It’s after 3:30 am (at the time of writing this) and I’m wide awake. I’ve been up for almost an hour, thoughts going through my head like crazy. All my body wants to do right now is sleep, but my mind is in overdrive.
I woke up with an ache in my heart. My mind started replaying stories of children I have heard recently, the suffering in their lives, the conditions they live in. It’s so overwhelming at times. When I look around and see so many children, so desperate for the basic needs to be met in their lives, it saddens me…to know these needs aren’t being met, can’t be met.
Kenya, as a whole, is not an affectionate country.

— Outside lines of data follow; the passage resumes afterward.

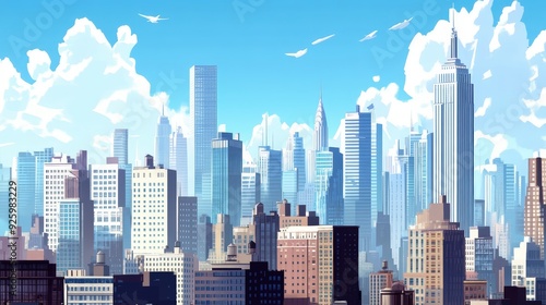 Fototapeta premium Cityscape with Skyscrapers and Blue Sky.
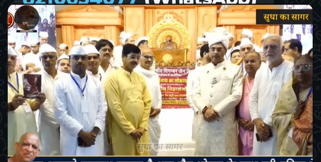 इंदौर-जन जन के आराध्य श्रमण संस्कृति के महामहिम परम पूज्य गुरूदेव संत शिरोमणि श्री १०८ विद्यासागर सागर जी महामुनिराज के परम प्रभावक, आज्ञाकारी प्रिय शिष्य जन जन के हृदय सम्राट आराध्य गुरूदेव मुनि श्री १०८ सुधा सागर जी महामुनिराज जी को आज सोमवार दिनांक 29/09/25 अशोकनगर में आयोजित वृहत राष्ट्रीय विद्वत संगोष्ठी में अखिल भारतीय विद्वत परिषद के तत्वावधान में 80 से अधिक विद्वान एवं विदुषियों के द्वारा जगत पुज्य मुनि श्री सुधा सागर जी को श्रमण शिरोमणि के नाम से उपाधि से अलंकृत किया गया । धर्म समाज प्रचारक राजेश जैन दद्दू ने बताया कि परम पूज्य गुरुदेव ने यह उपाधि के लिए बोला की श्रमण को मैं रख लेता हूं और शिरोमणि आप लोग अपने पास रख लो। धन्य है गुरु देव गुरु देव ने अपनी मंगल देशना में हजारों की संख्या में समाज जन को संबोधित करते हुए कहा कि
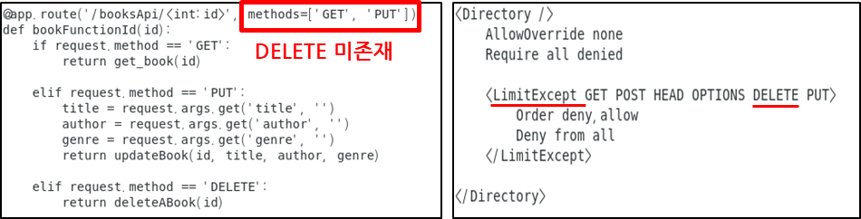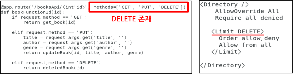 [그림 9] 설정파일 내용 (좌 : 프레임워크(FLASK) - ALLOW DELETE / 우 : 웹 서버(Apache) – DENY DELETE)
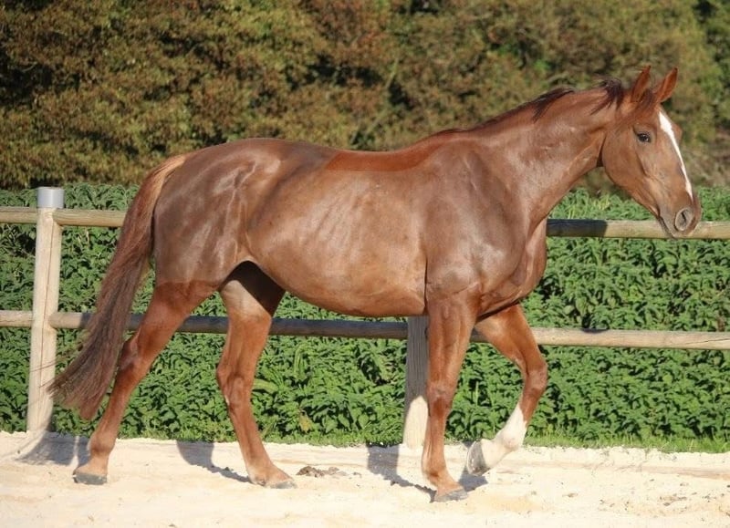 Jument de 5 ans - 1m67 - Par Farzack de l'Abbaye Jument de 5 ans, fraîchement débourrée, montrant déjà un excellent comportement.Première sortie à l'extérieur réalisée récemment : exemplaire du début à la fin, très sereine, n'a rien regardé. Toise 1m67, jument porteuse avec du cadre et une belle locomotion.Issue de Farzack de l'Abbaye, étalon performant actuellement sur les épreuves 1m55 en Italie. Jument avec la qualité et du potentiel, idéal pour un(e) cavalier(e) souhaitant l'ancien et évoluer vers les épreuves Amateur Élite. ➡️ Convient à partir d'un niveau Galop 6/7 encadré. ✔️ Visite OK.

Not to be stereo-typical by any means but very rarely, do you see a father hold his children in a loving manner, let alone hold his child at all. And even as the child grows, away from the breast-feeding year, the motherly bonding seems to deteriorate. I don’t think I’ve ever seen a mother here in Kenya pick up their child when they are hurt and console them and kiss their “boo-boo” away.
Except in Nairobi, where you see the odd hand holding of couples and it being a city of more modernized people, you would never know a married couple walking down the street together or a boyfriend and girlfriend on a lunch date (except for the dates under the random tree where they sit eight feet apart and barely look at each other).

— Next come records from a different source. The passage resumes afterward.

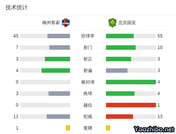 全场结束,梅州客家1-3北京国安。
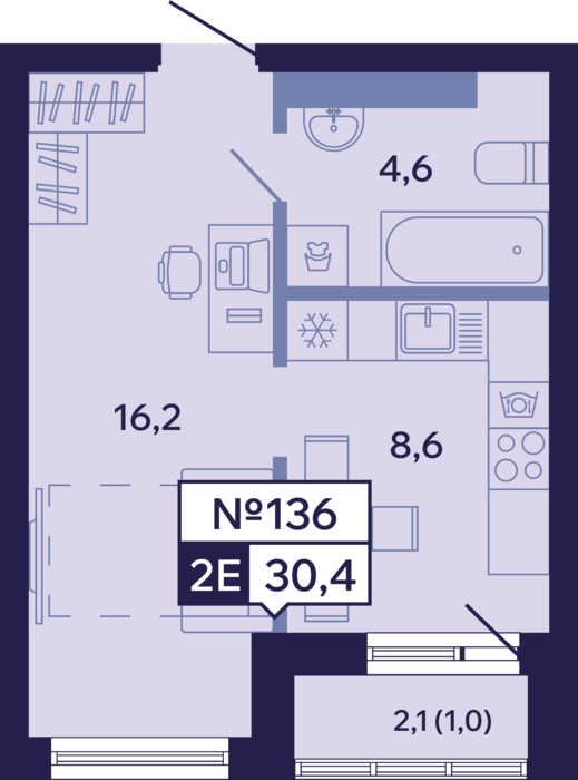 1-комн. 30,40 м² ・ № 136 ・ этаж 14/16 ・ ЖК "Ленские высоты", корп. 9
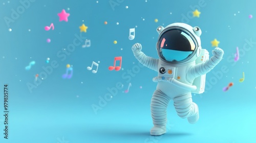 A cheerful astronaut dances amidst colorful musical notes in a vibrant space-themed background.
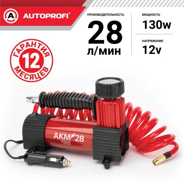 Компрессор поршневой 12В, 28л/мин. до 11 Атм 130Вт
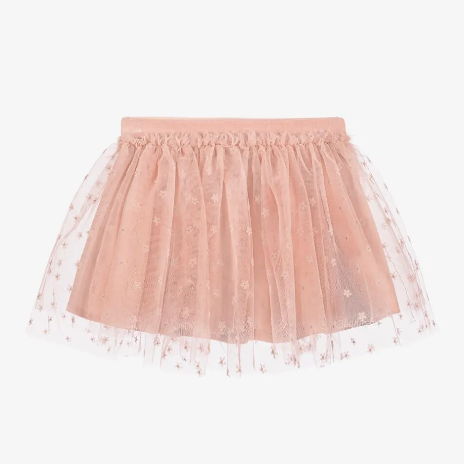 Dusky pink tutu skirt for little girls from Mayoral, layered with lightweight tulle for a pretty look. The skirt is covered with glittery silver and pale pink flowers. It has a stretchy velvet waistband and is lined with soft cotton fabric to ensure little ones feel comfortable.
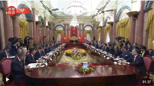 習近平指出,這是我擔任中共中央總書記、國家主席以來第三次對越南進行國事訪問,是對去年10月阮富仲總書記訪華的回訪,也是今年我對外訪問的收官之旅,充分表明中越關系在中國外交布局特別是周邊外交中的特殊地位。
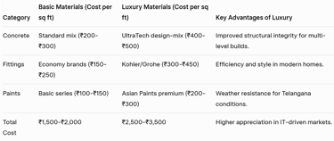 Comparison Table: Material and Cost Analysis for Construction in Puppalaguda and Alkapur
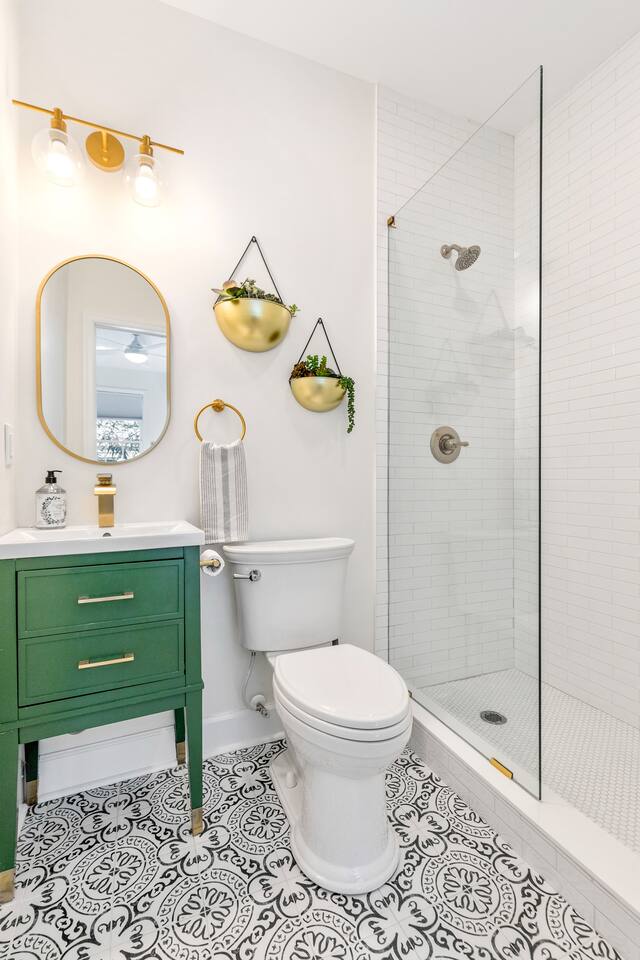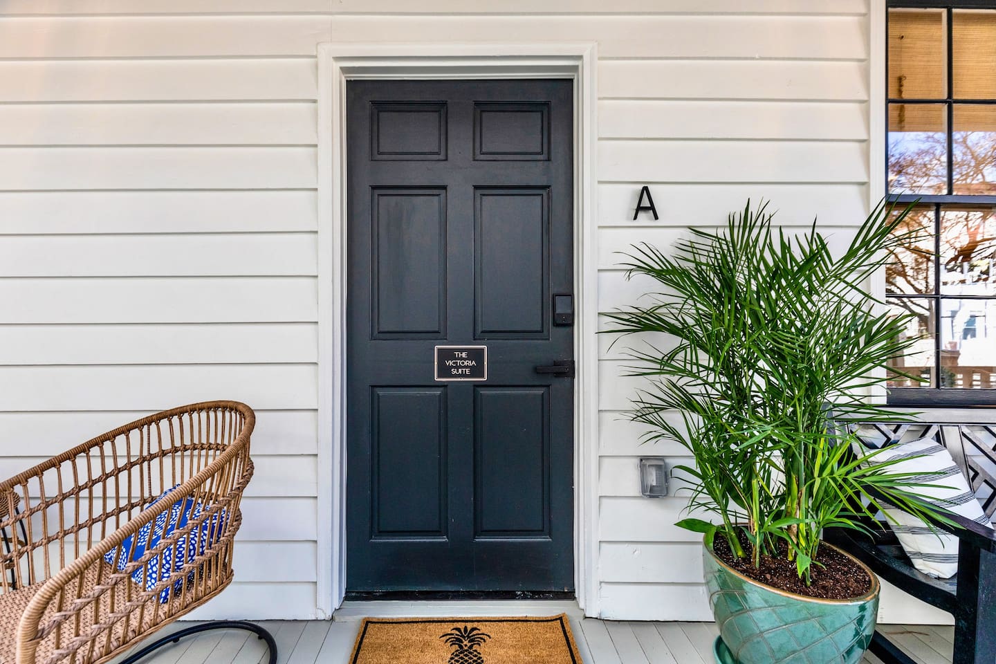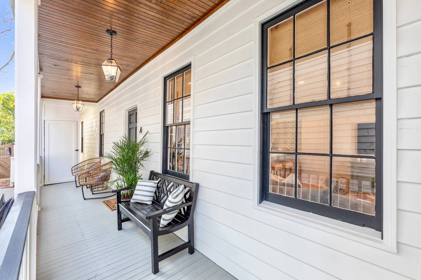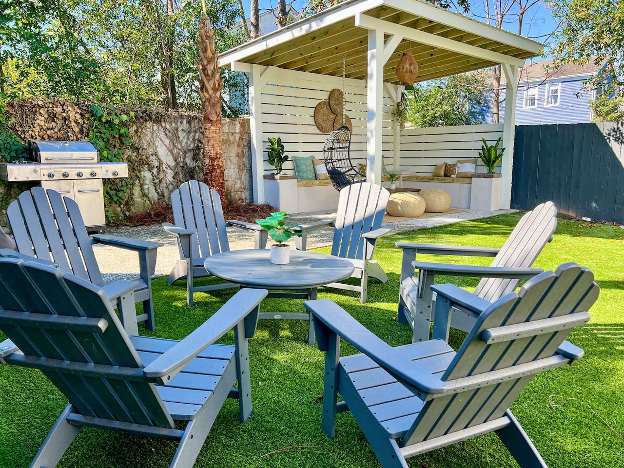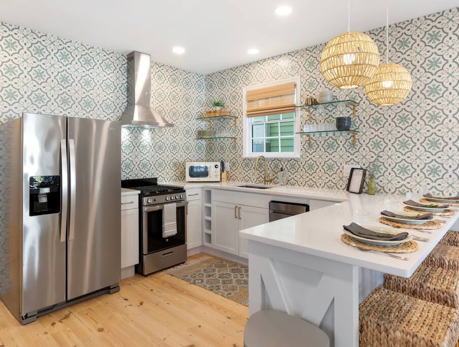 Welcome to The Victoria Suite, where Southern charm and hospitality meet comfort. As you approach the building, you’ll be drawn in by its grand white exterior and classic dual balconies, a nod to Charleston’s signature architecture. Step through the front door, featuring a charming coastal crab knocker, and onto your private first-floor piazza. The deep mahogany wood-paneled ceilings and hanging lantern lights create a peaceful and welcoming atmosphere. Inside your private first-floor unit, you'll be greeted by warm natural light, a vibrant green ceramic backsplash in the kitchen, a spacious living room, and stunning heart pine floors throughout. The kitchen is fully equipped with stainless-steel appliances, quartz countertops, and all the essentials for cooking at home. A small coffee bar, complete with a 12-cup coffee pot, coffee, and flavored syrup, will help start your mornings right. Relax in the living room on the cozy Crate and Barrel sofa, or kick back in the sleek side chairs while catching up on your favorite shows with the smart TV. The cool gray and green tones create a soothing atmosphere, while woven window treatments balance privacy and sunlight. The Victoria Suite features three thoughtfully designed bedrooms, each equipped with blackout blinds and sound machines for a restful night’s sleep. The first bedroom has a king-size bed with whimsical green Serena and Lily wallpaper, along with a full armoire and nightstands with reading lamps. The second bedroom offers a queen-size bed, tropical pink pineapple wallpaper, a desk, and ample clothing storage with a closet and dresser. The third bedroom also has a queen-size bed, complemented by tropical wallpaper, a comfortable reading chair, and plenty of clothing storage. There are two bathrooms, both beautifully appointed. The first includes a rain shower, dual vanity, and a bidet-equipped toilet, while the ensuite bathroom off the primary bedroom features a convenient stand-up shower. Plush towels, hairdryer, clothing iron, and essential toiletries are provided for your convenience. Outside, the shared backyard is a peaceful retreat. It features a pergola with bench seating, a chair swing, and poufs, perfect for gathering with friends or relaxing after a day of exploring. Fire up the grill for a barbecue, or lounge in one of the Adirondack chairs. There’s also a large JENGA set to keep the fun going. Additional amenities include high-speed Wi-Fi, air conditioning, heating, children’s toys and books, and free parking for one vehicle. Families will also find a pack + play, highchair, and beach accessories for added convenience. The Victoria Suite strikes the perfect balance between relaxation and access to everything Charleston has to offer. Within walking distance, you’ll find cocktail bars, restaurants, and boutique shops that showcase the city’s vibrant local scene. And when it’s time to hit the beach, three stunning options are just a 15-minute drive away. Whether you’re looking for adventure or some well-deserved rest, The Victoria Suite offers everything you need for a memorable Charleston getaway. City of Charleston Certificate of Operation: OP2023-04269

I’ve asked people over my few years in Kenya, “Why aren’t you affectionate to one another whether it be children or partners?” And a lot of them have said that life in Africa is tough and therefore they themselves need to be tough. They want to raise their children to be tough, to be strong against the elements that the poverty-stricken African life throws at them. I can understand that, to a degree.
But whether an African child or a North American child, physical contact, physical affection is something we all crave. I see that in the African children I meet with daily. It ranges from a little baby to a teenage street kid (boy or girl). They’ve lacked that physical affection and when they get it from me (or from any of us here), they soak it in. I love kissing a baby’s cheek, a toddler’s cheek and feel them push their cheek up against me, for more. I love when a child comes and curls up on my lap and nuzzles up against me and wants me to wrap my arms around him or her. I love when the street kids come over and know that I will give them a hug and they don’t run away from it but “embrace” it.

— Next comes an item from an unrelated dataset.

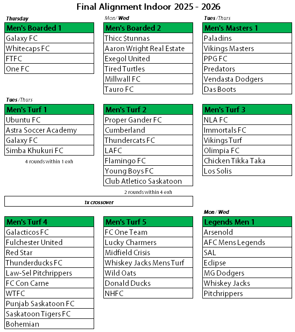 Please send your scheduling considerations for the indoor season to info@saskatoonadultsoccer.com BY Monday, August 25 at noon.
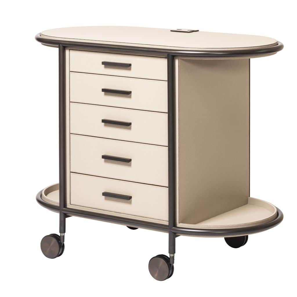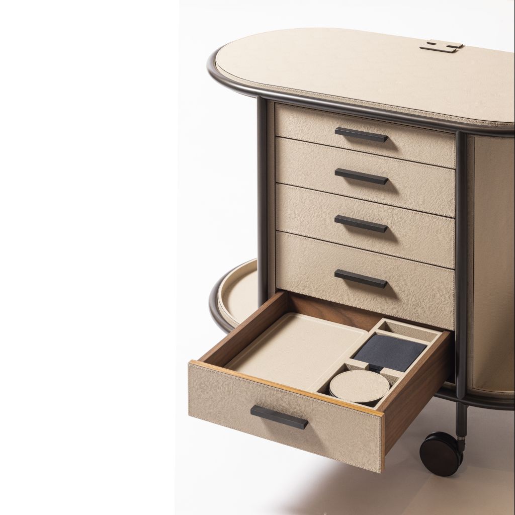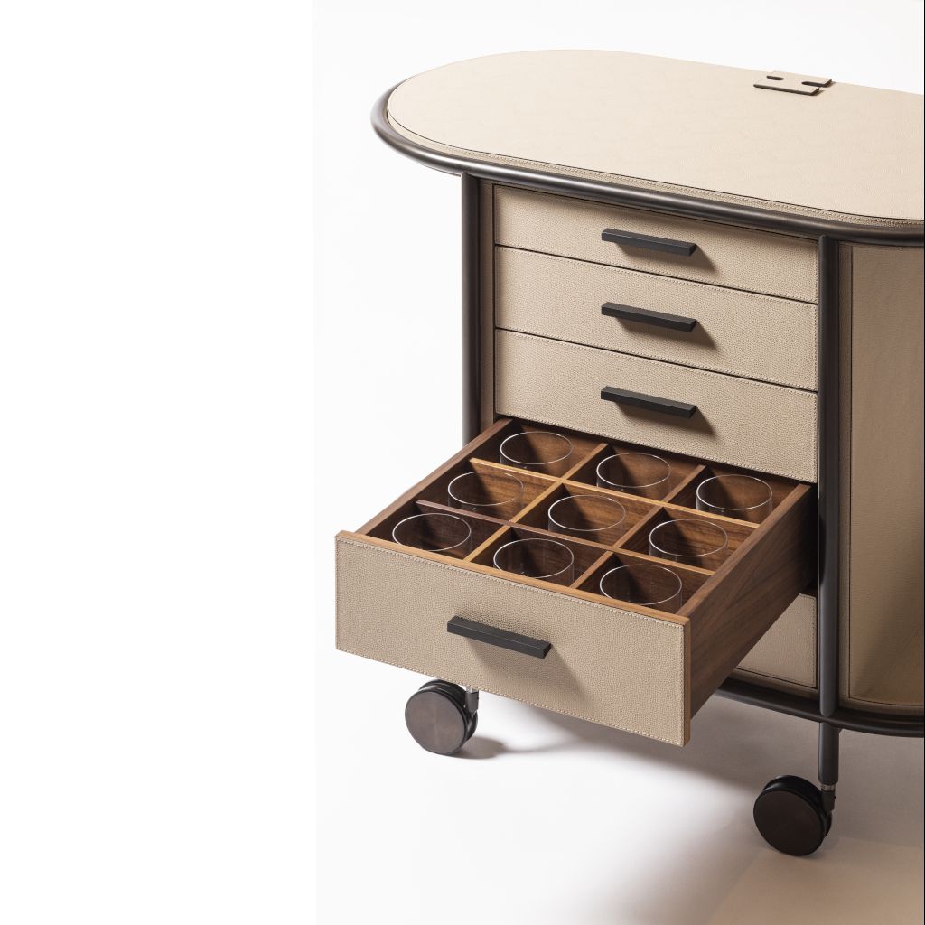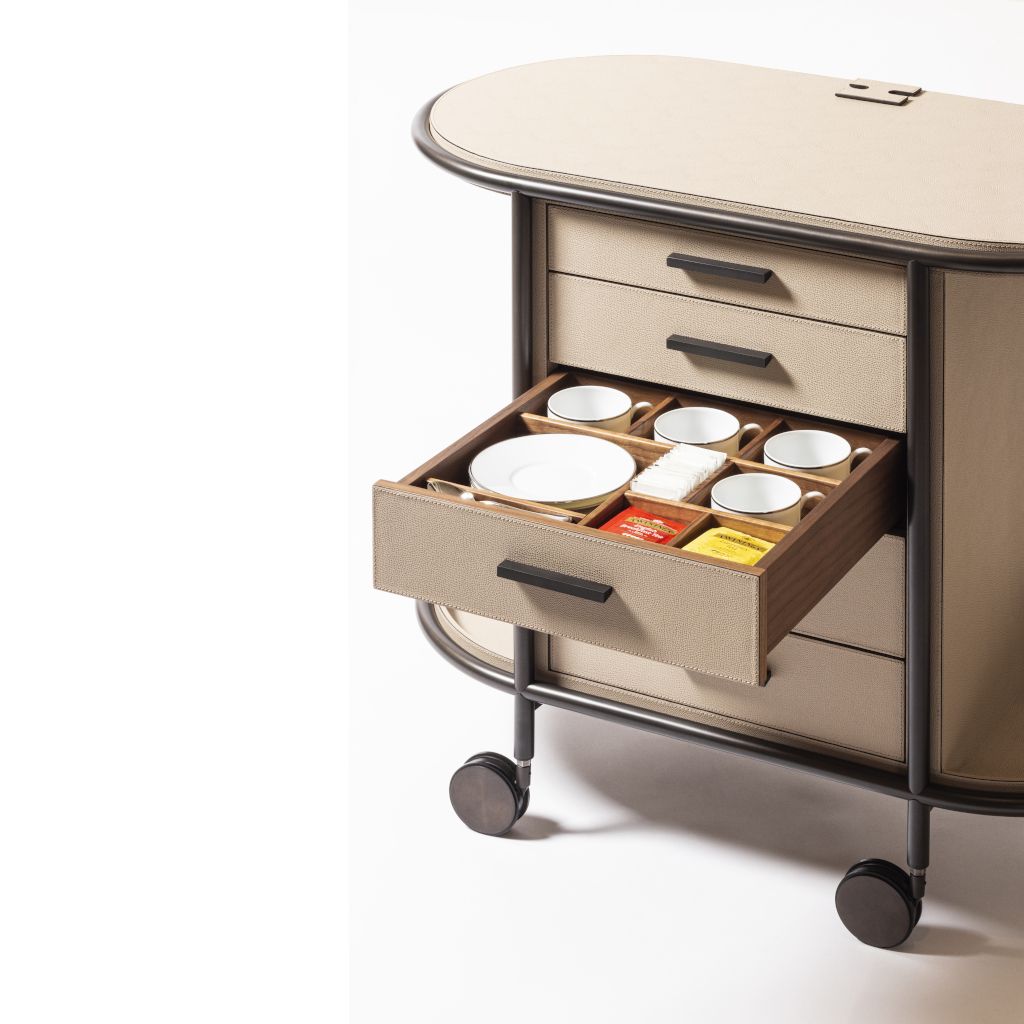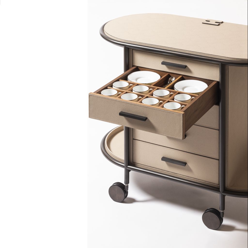 Featuring a leather-covered four-wheel wood structure, a metal frame and wheels available in three finishes: chrome, brass, bronze. This refined tea and coffee cart is the epitome of functionality and sophistication. With five organized drawers with sleek metal handles, it provides ample storage for coffee capsules and tea bags, ensuring everything is within reach. Included with the cart is a luxurious set of porcelain coffee and tea cups with matching plates, adorned with a delicate silver graphic trim. Complementing this are leather service trays and coasters, adding a touch of understated elegance. Designed with mobility in mind, this furniture piece on wheels effortlessly combines style and practicality. Perfect for storing all your tea and coffee essentials, it’s an elegant solution for both everyday use and special occasions.

I see the lack of physical affection in this culture. I feel it at times and it’s such a loss. A hand held, a hug, a kiss on the cheek…they can change a person’s mood in a moment. I know for me, there are moments where I’ve had a bad day, an emotional day…and its amazing how a hug, a simple hug can change that mood.
I long to see more Kenyan men hold their children in their laps and wrap their protective arms around their children. I long to see them spend time with them, reading them stories, playing football in the yard with them. I long to see the Kenyan women cover their children’s cheeks in kisses and comfort their children when they fall and hurt themselves.
No matter where we come from, as children (and even sometimes leading in to adulthood), we desire that physical affection from our parents. Sometimes actions speak louder than words and a moment of hugging someone is far better than hearing, “Its okay.” or “You’ll be okay.”
I don’t know the purpose of this blog, if it at all makes sense…as it’s now 4:30 in the morning. Maybe I’m just tired….or maybe I just really need a hug.